Building A Toy Language Interpreter in Go

In this post, I'll be giving a high-level overview of interpreters, why they're interesting, and how they work. I'll be referencing my repo, go_interpreter, which is a simple interpreter written in Go for a toy language. The figure below shows the structure of our interpreter with an example input:

What is an interpreter? 

An interpreter is a language processor that seems to directly execute the source program on user input:
In contrast, a compiler first takes in a source program and translates it to an executable machine code target program. Then, the user can pass in inputs to this target program and get outputs.
In general, an interpreter is better at reporting errors since it's processing statements one at a time, and a compiler is faster at generating outputs from inputs.

In this post, we're going to go over a simple interpreter that is capable of supporting:
  • integers, booleans, strings, arrays, hashmaps
  • prefix, infix operators
  • index operators
  • conditionals
  • global and local bindings
  • first class functions
  • return statements
  • closures
You can reference the code I pushed to my repo and run it with the command go build -o toy && ./toy -engine=eval:

You can also turn on logging by setting PRINT_PARSE and PRINT_EVAL to true in parser.go and evaluator.go respectively: 

The interpreter is mainly composed of a lexer, a parser, and an evaluator. I copied the structure of our interpreter again: 
The output of let x = 5; is nil since it's just assigning 5 to x. 

The Lexer

The lexer translates source code to tokens.

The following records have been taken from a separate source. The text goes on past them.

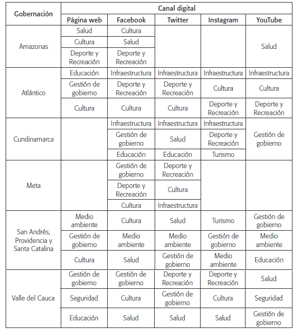 Mientras las gobernaciones de Amazonas y Atlántico se enfocan en informar y divulgar desde una perspectiva periodística los contenidos relacionados con el departamento, la gobernación y las instituciones adscritas, Valle del Cauca y Cundinamarca realizan un mayor despliegue comunicativo que apunta a posicionar al gobernante y la gobernación. Es decir, que buscan evidenciar continuamente, y en varios canales a la vez, la gestión gubernamental, su presencia y actuación en diversos lugares y frente a varios temas, dejando de lado el carácter informativo para establecer una conexión permanente con la ciudadanía e infundir confianza y transparencia.
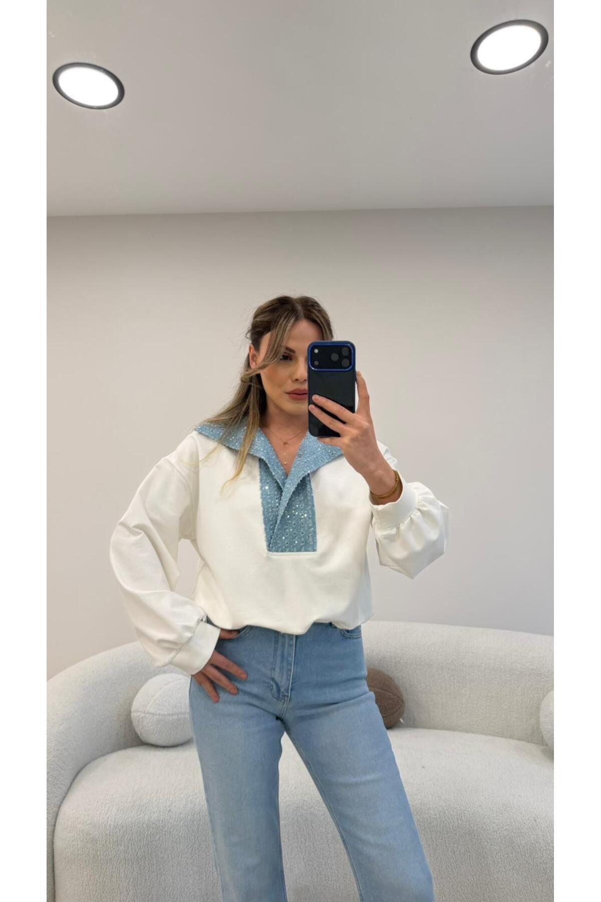 YAKA PAYETLİ KOT GARNİLİ SWEAT YAKA PAYETLİ KOT GARNİLİ SWEAT TXE9AE19353363 L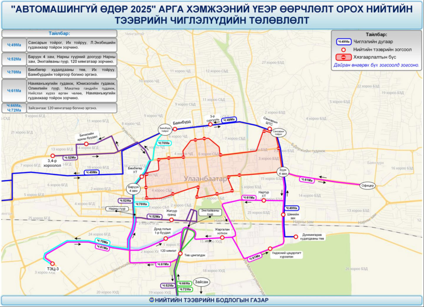 2025 оны есдүгээр сарын 13-ны өдөр зохион байгуулагдах "Автомашингүй өдөр 2025" арга хэмжээний үеэр төв замын хөдөлгөөнийг хаах тул нийтийн тээврийн 43 чиглэлийн 459 автобусны маршрутад 07:00-18:00 цагийн хооронд өөрчлөлт орно.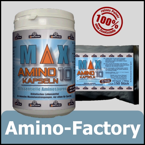 In MAX Amino 10 sind alle 8 essentielle Aminosäuren + die 2 semi-essentiellen Aminosäuren Arginin und Histidin in einem Produkt enthalten.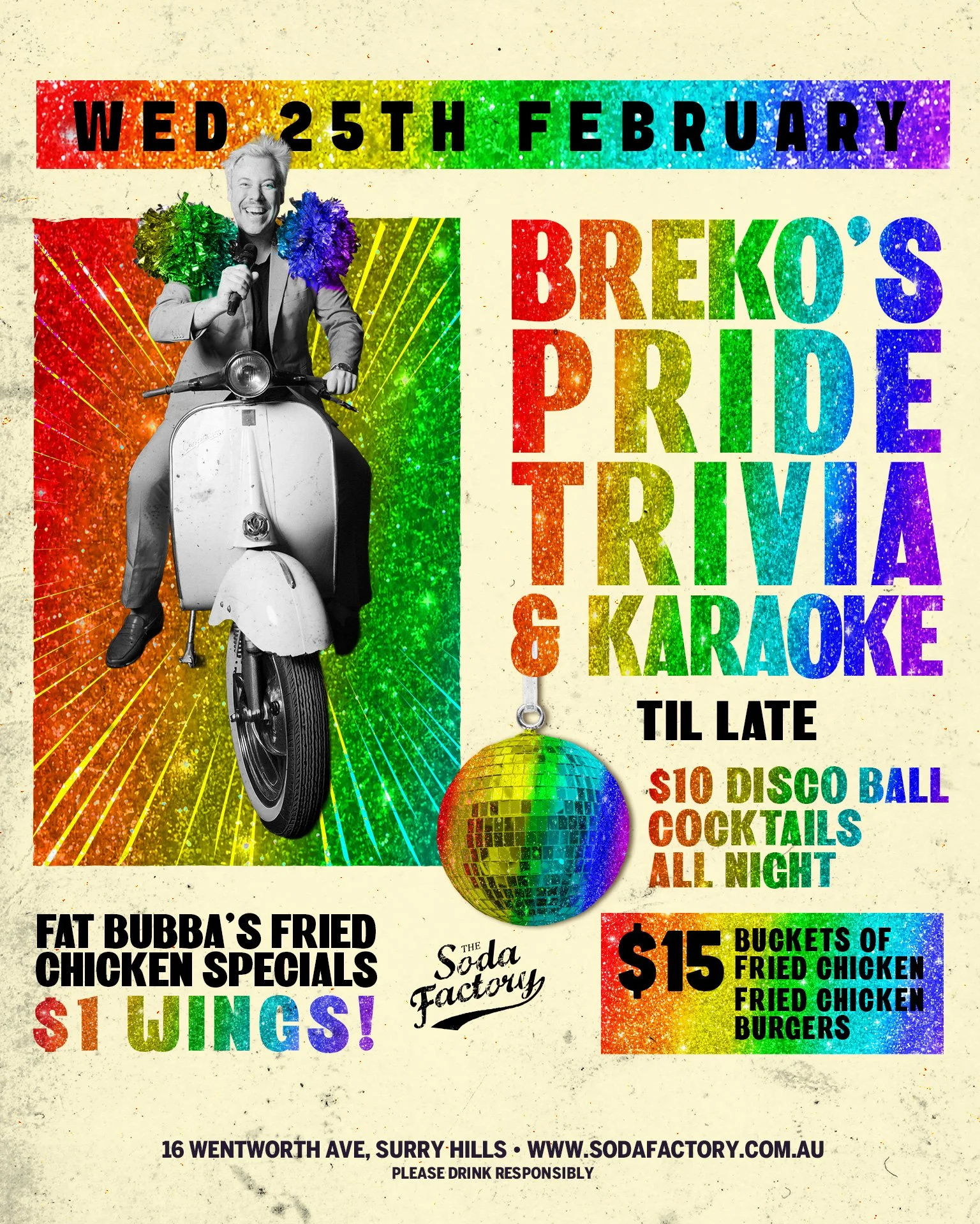 Get ready to spice up your midweek with Sydney's trivia icon, Jame Breko! Every Wednesday night at Soda Factory! This isn't your average trivia night! It's a game show style visual feast of questions from all genres mixed with interactive challenges that could turn the tables at any moment. Will you know the Blockbuster movie from it's famous song? Or will your team beat the competition in the Gangnam Style dance challenge?!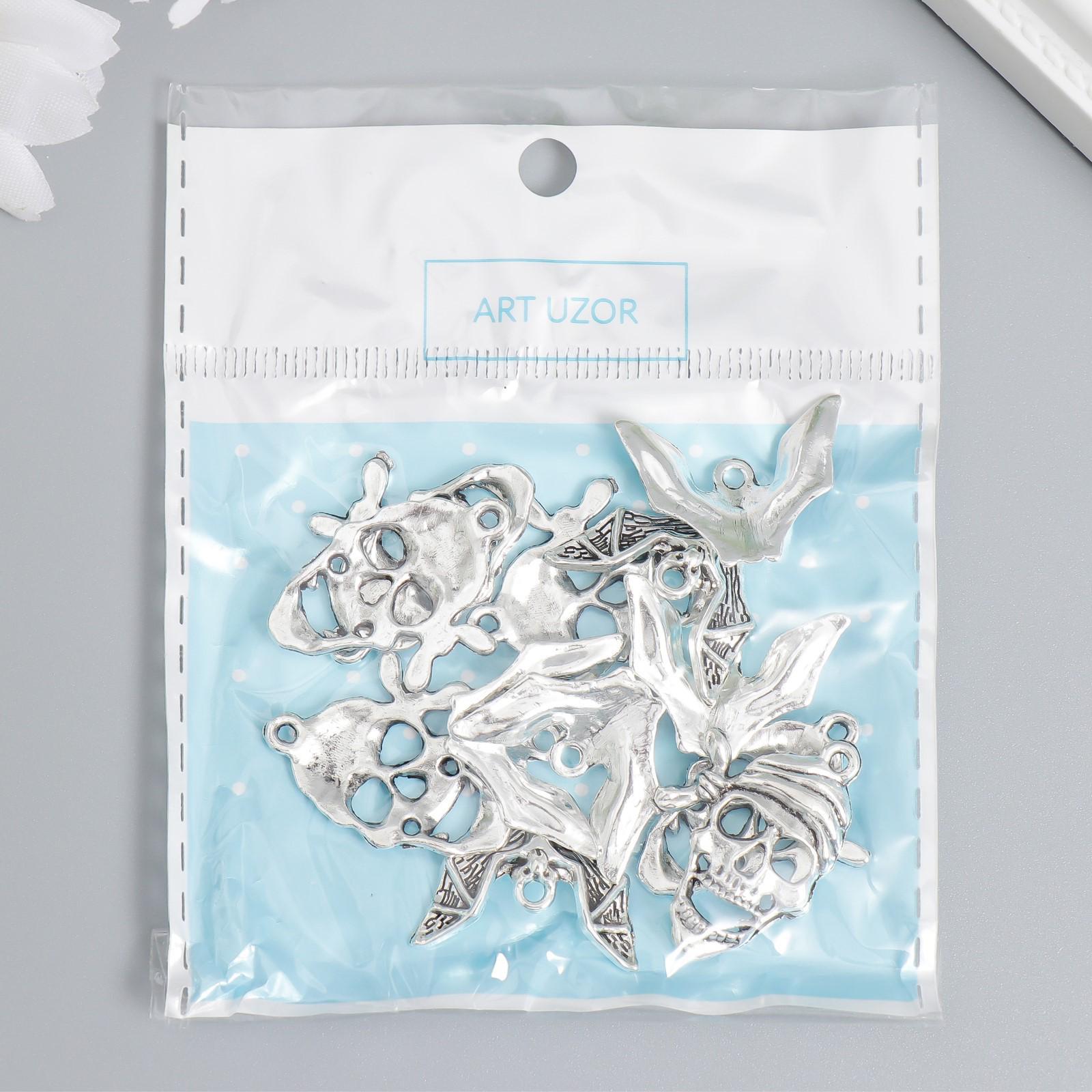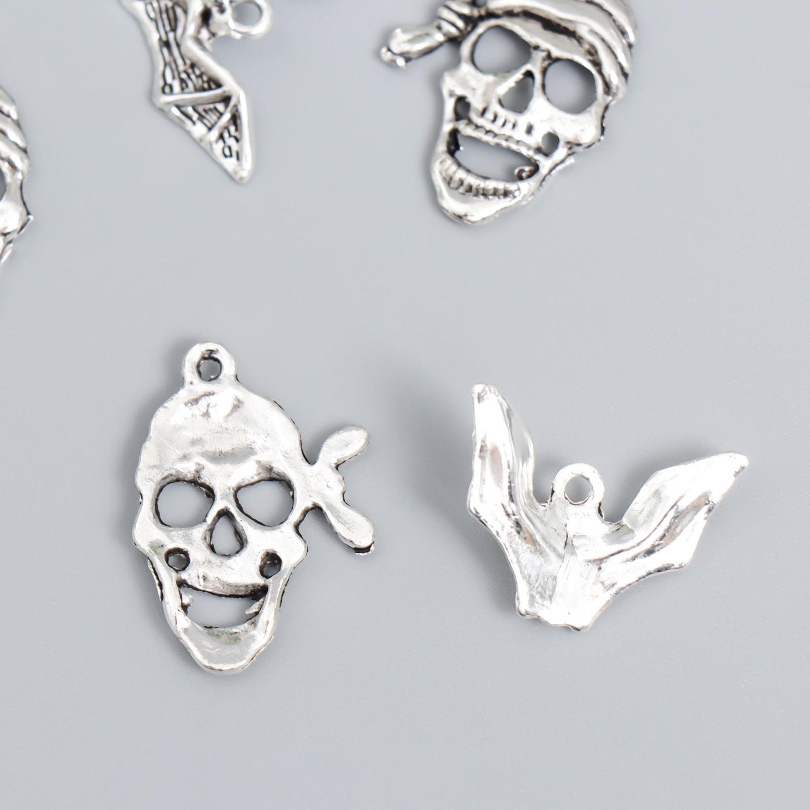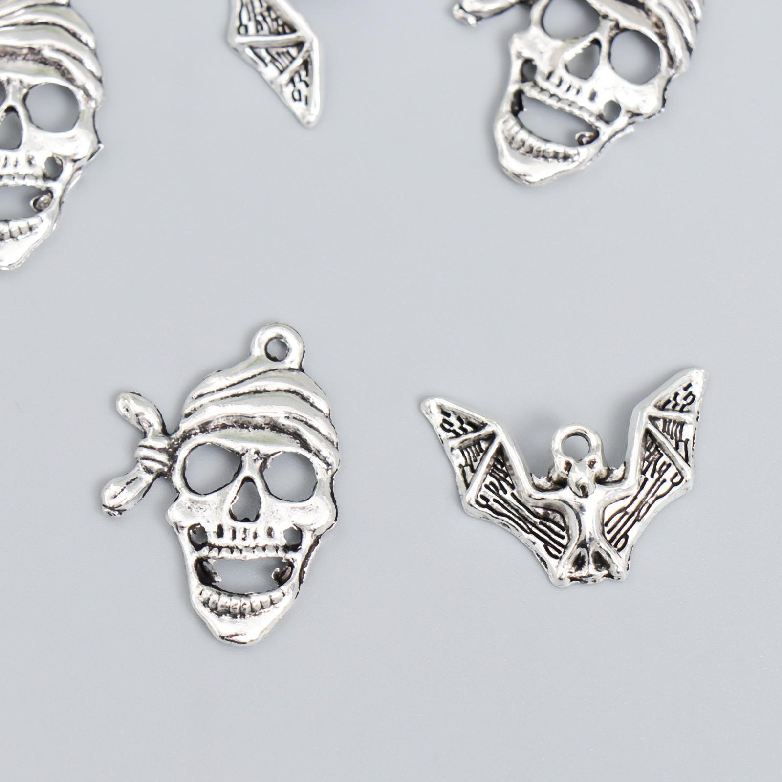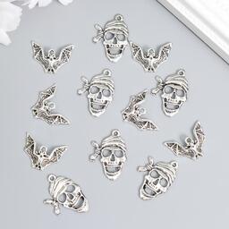 Декор для творчества металл "Череп и летучая мышь" серебро набор 6+6 шт 1,6х2,3 2,7х1,9 см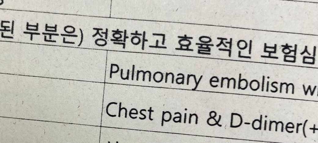 오래전부터 흉부통증과 피임약 장기 복용후 중단으로 8월 16일 피검사 -> D-dimer 양성 -> 정밀 피검사 혈전 양성 -> 9월 5일 CT 폐 조형술 이상 없음 -> 폐기능검사, 산소포화도검사 후 산소포화도 정상, 폐기능 안좋음 폐에는 혈전이 없고 천식만 심하다해서 그 이후로 병원에 안가긴 했어요.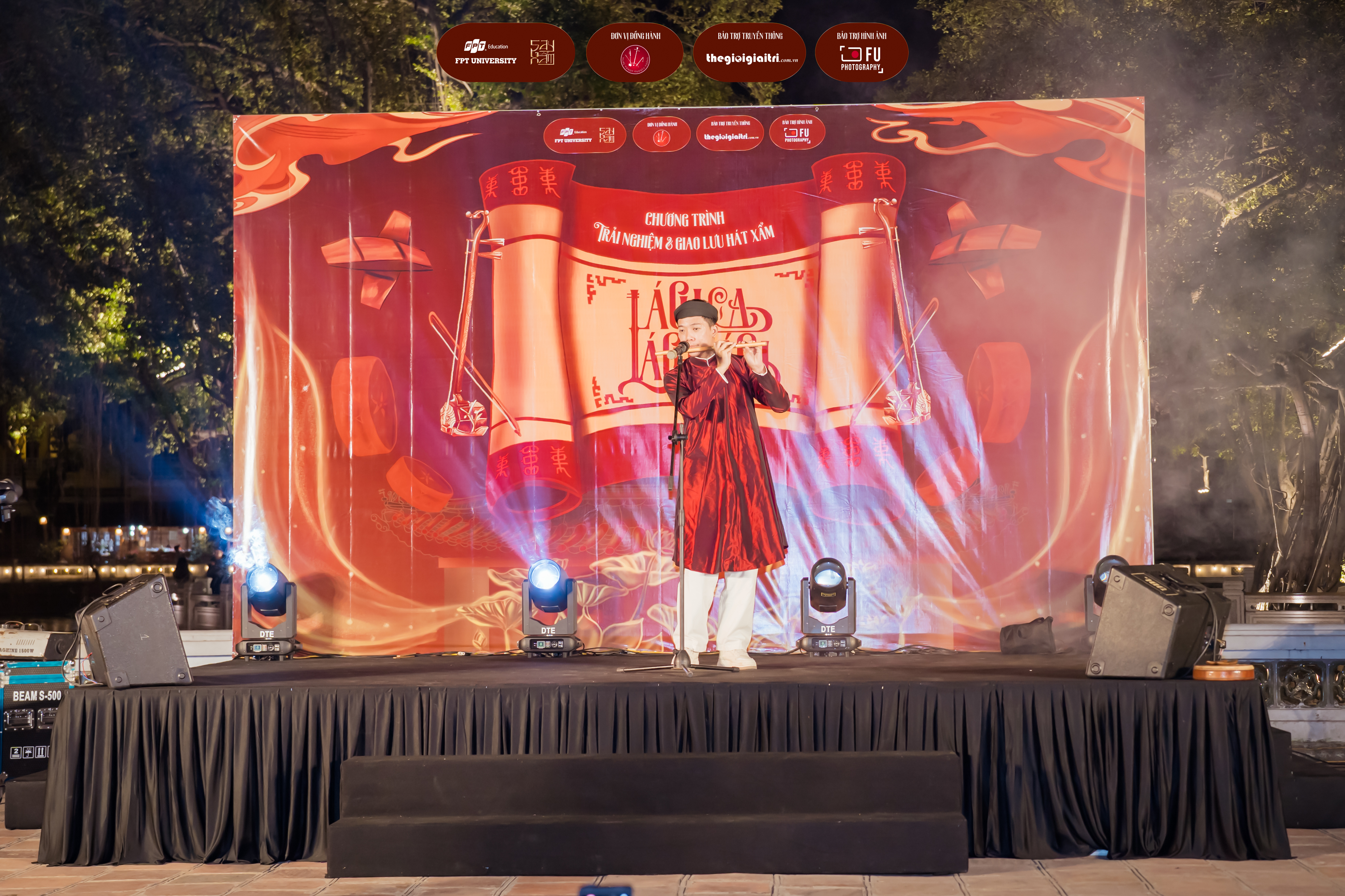 Điểm nhấn tạo nên sức hút của chương trình chính là tư duy làm mới di sản của người trẻ. Ngay từ buổi chiều, không gian Hồ Văn đã trở nên sôi động với các hoạt động trải nghiệm sáng tạo. Khán giả trẻ hào hứng tham gia hành trình "xuyên không" với Xẩm 360 độ – một ứng dụng web công nghệ thực tế ảo tái hiện không gian tàu điện xưa ở Hà Nội, và lưu giữ kỷ niệm tại khu vực check-in mang đậm dấu ấn thị giác hiện đại.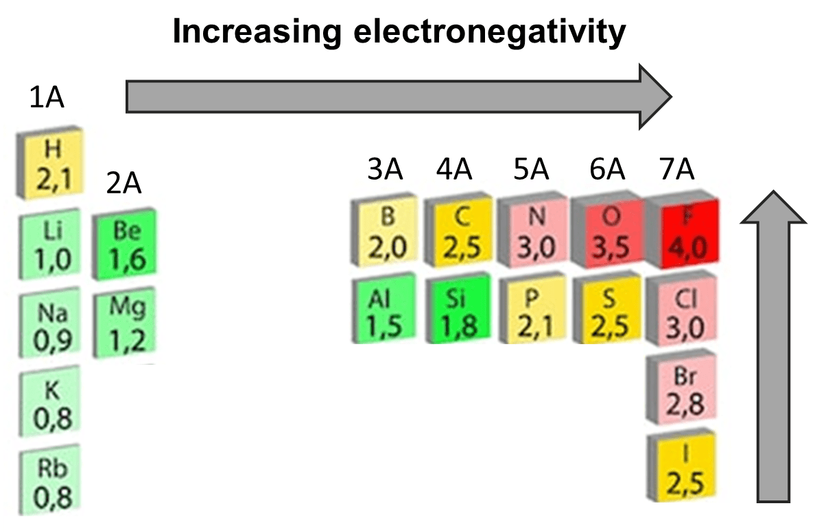 Remember the trends of electronegativity; it increases across a row of the periodic table (left to right), and goes up a column of the periodic table. Here is a table with the electronegativity values of the most commonly encountered elements in organic chemistry: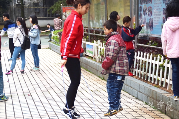 传媒学院、电子与信息工程学院服务团:特教之行,演绎特别的爱。时间:3月6日,地点:永州市特殊教育学校。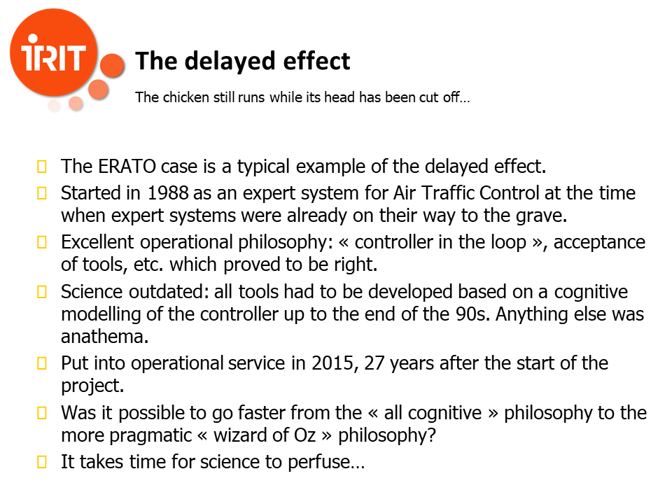 Now, I am going to speak about a very interesting phenomenon, that I call the delayed effect. While in the scientific community the times of expert systems and cognitive modeling were gone forever, this was not the case in all communities, and especially inside the ATM french community. In 1988, the french CENA started a project called ERATO. I remember very well the exact date because I did my ENAC master dissertation on ERATO in 1988. ERATO was to be an expert system for air traffic control, based on a cognitive modeling of the controler. Behind ERATO was an air traffic controller who remained in charge of the project till the late nineties. ERATO was created at a time when there was quite a controversy in the ATC community. On the one hand, we had the US AERA project, with a third phase, AERA3, which was supposed to be a fully automated system, with the air traffic controller being only a system manager. On the other hand, there was the “controller in the loop” philosophy, which was championed by the French. I presume that behind the differences in philosophy there was also political reasons, that can be found in the way controllers strikes were handled in the US and in France in the seventies and in the early eighties, when Ronald Reagan fired 90% of the American air traffic controllers after the great strike of 1981.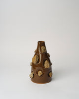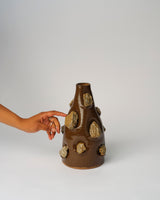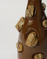 A sculptural wheel thrown vessel exploring the intricate realms of ceramic supply chains and mining politics within Australia. Rocks crafted from ceramic sink trap 'waste' adorn the terracotta vessel. The experimental decoration technique challenges conventional norms and symbolizes extraction, distortion, and enshrinement. Claire’s work continually invites viewers to contemplate the complexities of materiality and production processes.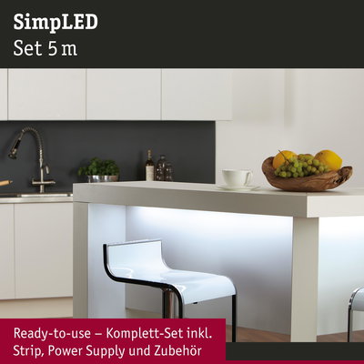 SimpLED LED Strip Tageslichtweiß Komplettset 5m beschichtet 11W 310lm/m 60 LEDs/m 6500K 18VA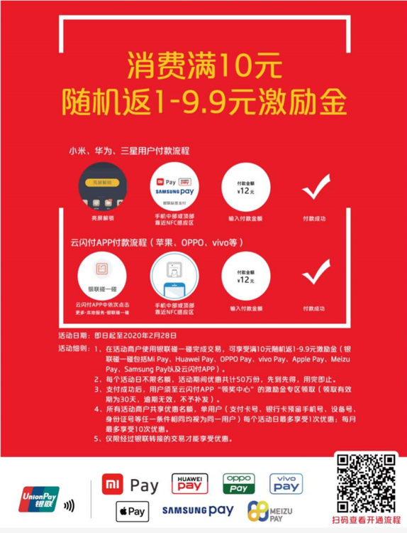 1)闪付随机减活动!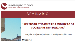 Seminário “Repensar Eticamente a Evolução da Sociedade Digitalizada”Decorre hoje, 3 de julho 2019, a partir das 14 horas, na Escola de Ciências Sociais da Universidade de Évora (Auditório 131 do Colégio do Espírito Santo).O Seminário tem como objetivo debater o tema…
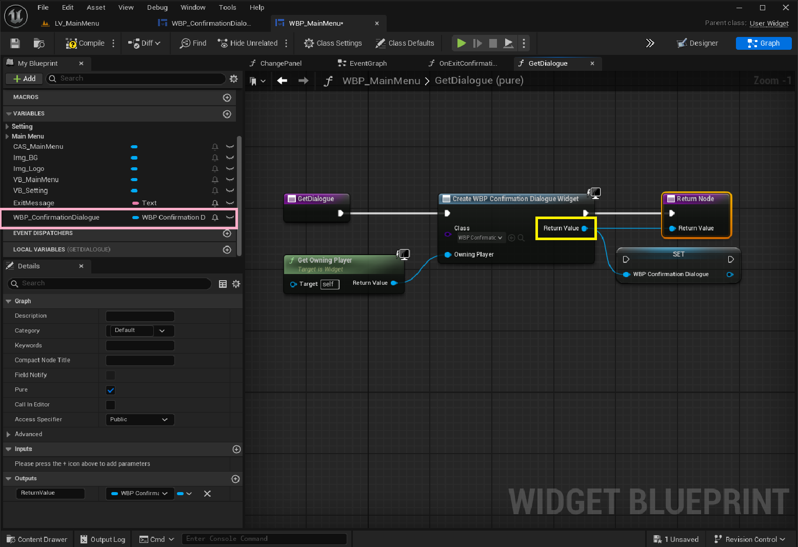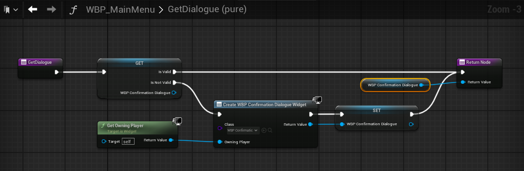 Create WBP Confirmation Dialogue WidgetWBP_ConfirmationDialogue)을 새로 생성하는 노드Get Owning Player 결과를 연결Return Value)가 새로 생성된 위젯 인스턴스가 됨SET — 변수에 저장WBP Confirmation Dialogue 변수에 저장합니다.GetDialogue() 호출 시, 이미 존재하는 동일 인스턴스를 재사용할 수 있습니다.🔍 의미: “다음에 또 필요하면 새로 만들지 말고 이걸 써라.”

You can think of tokens as small data structures: "foo" and "bar" are STRING tokens, and "==" is an EQ token, for example. 

Note the skipWhitespace() function in lexer.go - our toy language doesn't give meaning to whitespace like tabs or spaces or newlines. Other than that, lexer.go is a pretty straightforward piece of code that just advances through the input and assigns tokens as it goes. 

The next step of our interpreter, the parser, will only call the NextToken() function in lexer.go, which just returns the next token. 

The Parser 

The parser translates tokens from left to right into an AST. AST stands for abstract syntax tree, and it's just a data structure that represents our input. It's the red tree in our diagram of the interpreter above. 

Our parser is simple and intuitive - it's a top-down parser, so it builds a parse tree from the root to the leaves. (In contrast, a bottom-up parser builds a parse tree from the leaves to the root.) We can use it for our toy language, which is LL(1). What does that mean? 
  • Our toy language is LL(1) because it can be generated by an LL(1) grammar.
  • An LL(1) grammar:
    • Scans the input from Left to right
    • Produces a Leftmost derivation (expanding the leftmost variable first each time)
    • Uses 1 input symbol of lookahead when making parsing decisions 
We can also have LR(k) parsers. This just means: 
  • Scans the input from Left to right
  • Produces a Rightmost derivation in reverse
  • Uses k input symbols of lookahead when making parsing decisions 
LR parsers can immediately detect syntax errors when scanning the input left to right. LR grammars can also describe more programming languages than LL grammars can. One popular variant of LR that you might see is LALR, which stands for "lookahead-LR". Since LALRs have lower memory requirements, they are used in practice often. 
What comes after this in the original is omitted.